Wanted to get some pics of the blood moon, when it was full and bright decent shots, when the transformation was happening the the part that was supposed to be red was dark, what did i do wrong? Canon 70D, 100-400L,125 shutter, 100 iso, between f8-f9


----------



## The Machine (Jun 4, 2007)

First time shooting the moon, manual, manual focus, stayed to watch it was beautiful but didn't get the shot i desired.:hairout:


----------



## papa john (Nov 17, 2011)

*Shoot the Moon?*

I did the same!! I was shooting with our Canon 7d, 70-200 f2.8 L on a tripod. The full moon before the eclipse did ok but during the full eclipse I could not get an image of the moon. I'm still trying to find out what I should have done.

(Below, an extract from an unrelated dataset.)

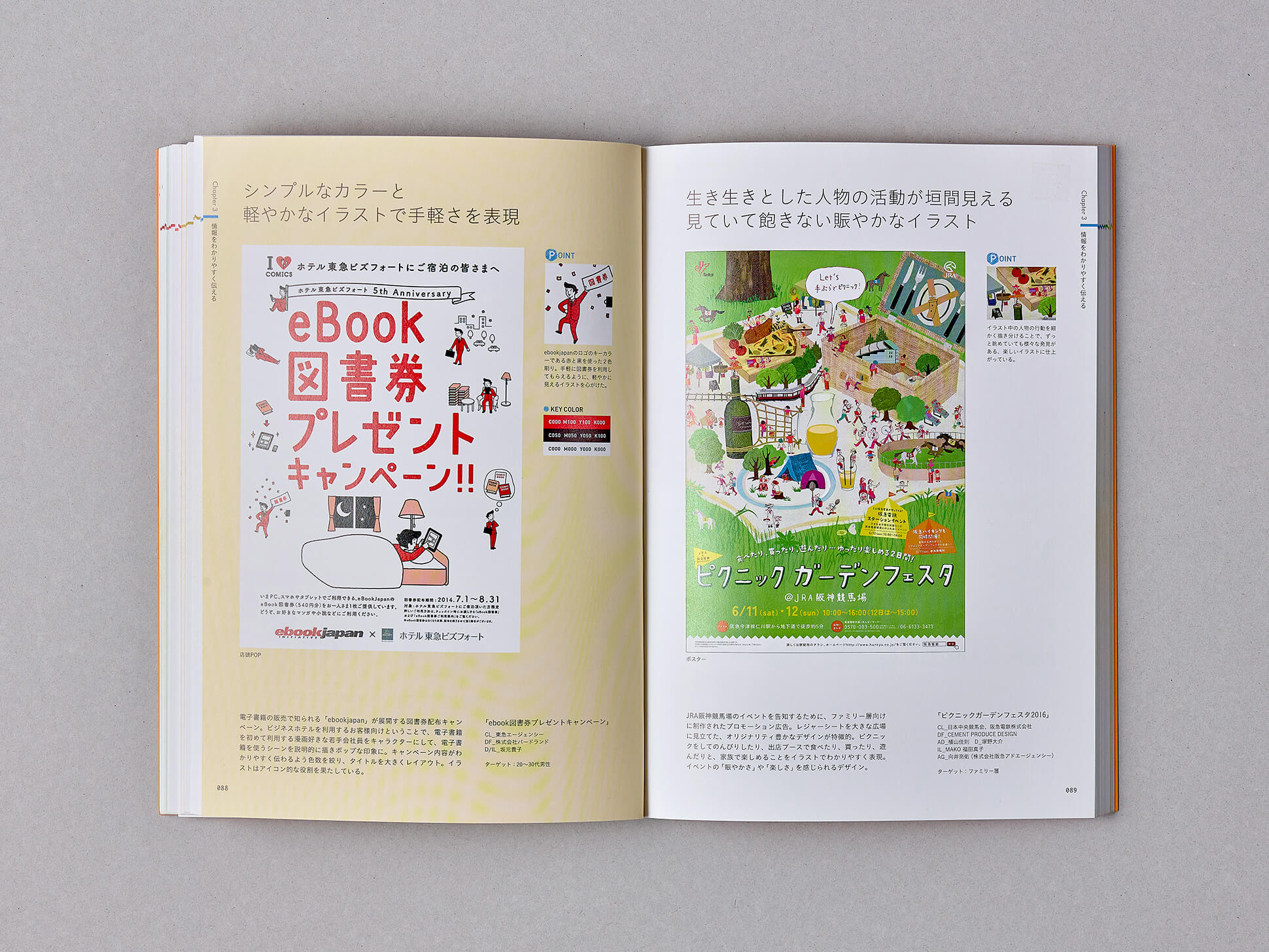 様々なアイデアでイラストレーションを活かしたポスターやカタログ、DM、パッケージなどの事例を多数収録している書籍です。

We have till October to figure it out I think????


----------



## The Machine (Jun 4, 2007)

lol, thats funny:spineyes: the latter part of the response, Oct. nice


----------



## papa john (Nov 17, 2011)

*Shoot the moon!!!*

This is one I got before the eclipse got too dark. I cropped it and sharpened it a bit in elements 10. :cheers:


----------



## The Machine (Jun 4, 2007)

nice


----------



## Law Dog (Jul 27, 2010)

Nice, congrats!


----------



## The Machine (Jun 4, 2007)

what settings did you use PJ?


----------



## Shaky (May 21, 2004)

Despite my best intentions, and actually ideal location during the eclipse (Bandera) I actually slept through the whole dang thing!sad3sm:headknock

But here is a link that may help solve some problems come October, some pretty awesome shots here! 
http://digital-photography-school.com/13-images-weeks-lunar-eclipse-blood-moon/

Every time I think I'm starting to get half way decent with my camera and processing, I find something on the net that just keeps on setting the goal higher and higher! lol


----------



## The Machine (Jun 4, 2007)

thx shaky


----------



## dicklaxt (Jun 2, 2005)

I think but not sure, that the moon color to dark sky contrast would not allow a good focus acquisition. I looked at some shots on the weather channel site and I didn't think they were to good either. I just deleted what I had. I did have a good visual with the naked eye,maybe a bit of atmospheric overcast but not much.

dick


----------



## The Machine (Jun 4, 2007)

thx


----------



## Spiritinthesky (Apr 21, 2014)

Wow! Those moon pics are amazing. Good work!


----------